• **Given information**:
----------------

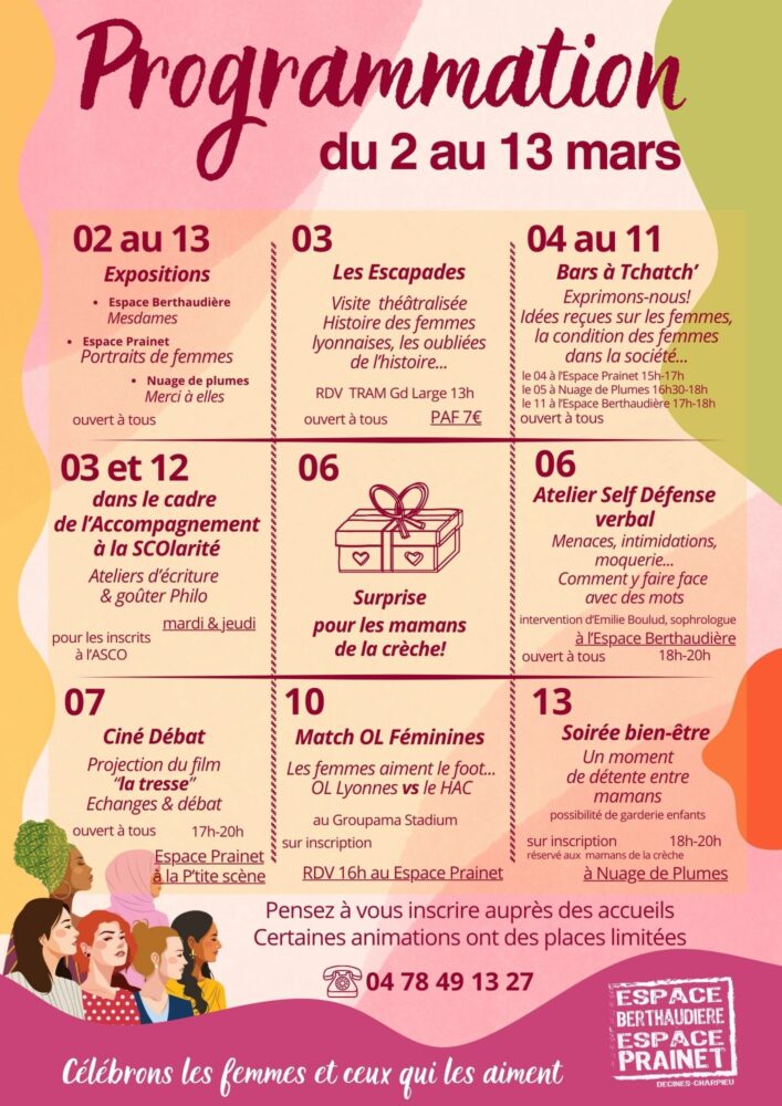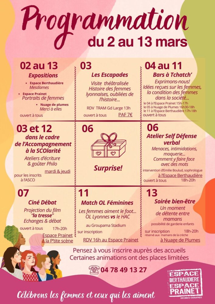 L’Espace Berthaudiere et l’Espace Prainet vous propose durant deux semaines, du 2 au 13 mars, des animations, soirées et sorties culturelles afin de célébrer toutes les femmes.
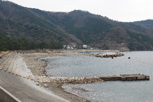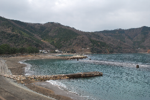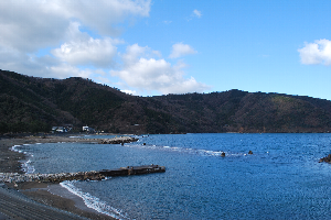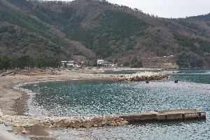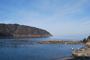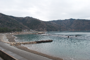 食見海岸は15日の荒れ模様とうって変わって、波もなく凪いでいます。
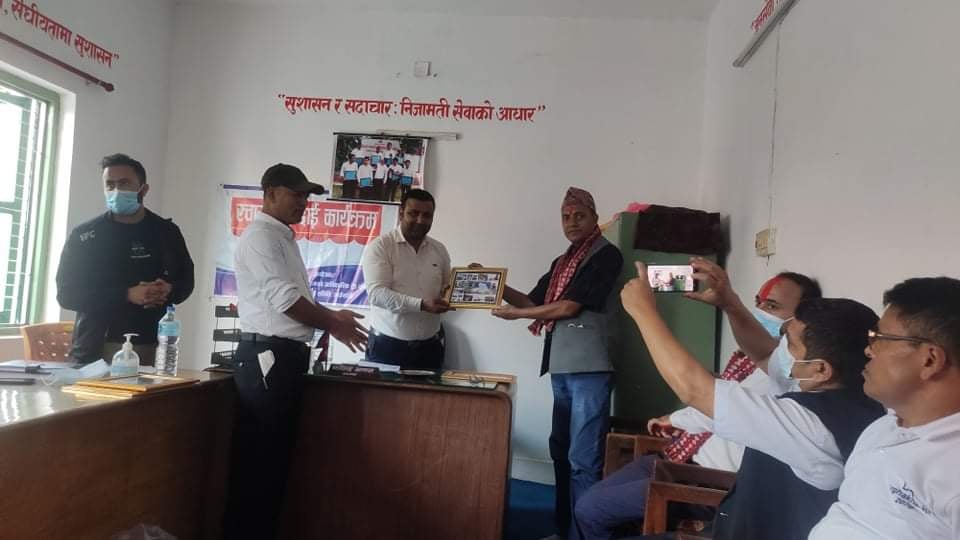 कार्यक्रममा नेपाल  निजामती कर्मचारी युनियनका प्रदेश उपाध्यक्ष माया घिमिरे जिल्ला उपाध्यक्ष माधब अर्याल निजामती कर्मचारी संगठनका सचिब दिलिप केसी निजामती कर्मचारी युनियनका सचिब रबि अर्याल पत्रकार सुर्य प्रसाद भुसालले  स्वागत तथा विदाई गर्नु भएको थियोे ।

----------------

• **Aim of the task**:
Set down the material above word for word and skip its pictures.

• **Solution to this problem**:
 L’Espace Berthaudiere et l’Espace Prainet vous propose durant deux semaines, du 2 au 13 mars, des animations, soirées et sorties culturelles afin de célébrer toutes les femmes.
 食見海岸は15日の荒れ模様とうって変わって、波もなく凪いでいます。
 कार्यक्रममा नेपाल  निजामती कर्मचारी युनियनका प्रदेश उपाध्यक्ष माया घिमिरे जिल्ला उपाध्यक्ष माधब अर्याल निजामती कर्मचारी संगठनका सचिब दिलिप केसी निजामती कर्मचारी युनियनका सचिब रबि अर्याल पत्रकार सुर्य प्रसाद भुसालले  स्वागत तथा विदाई गर्नु भएको थियोे ।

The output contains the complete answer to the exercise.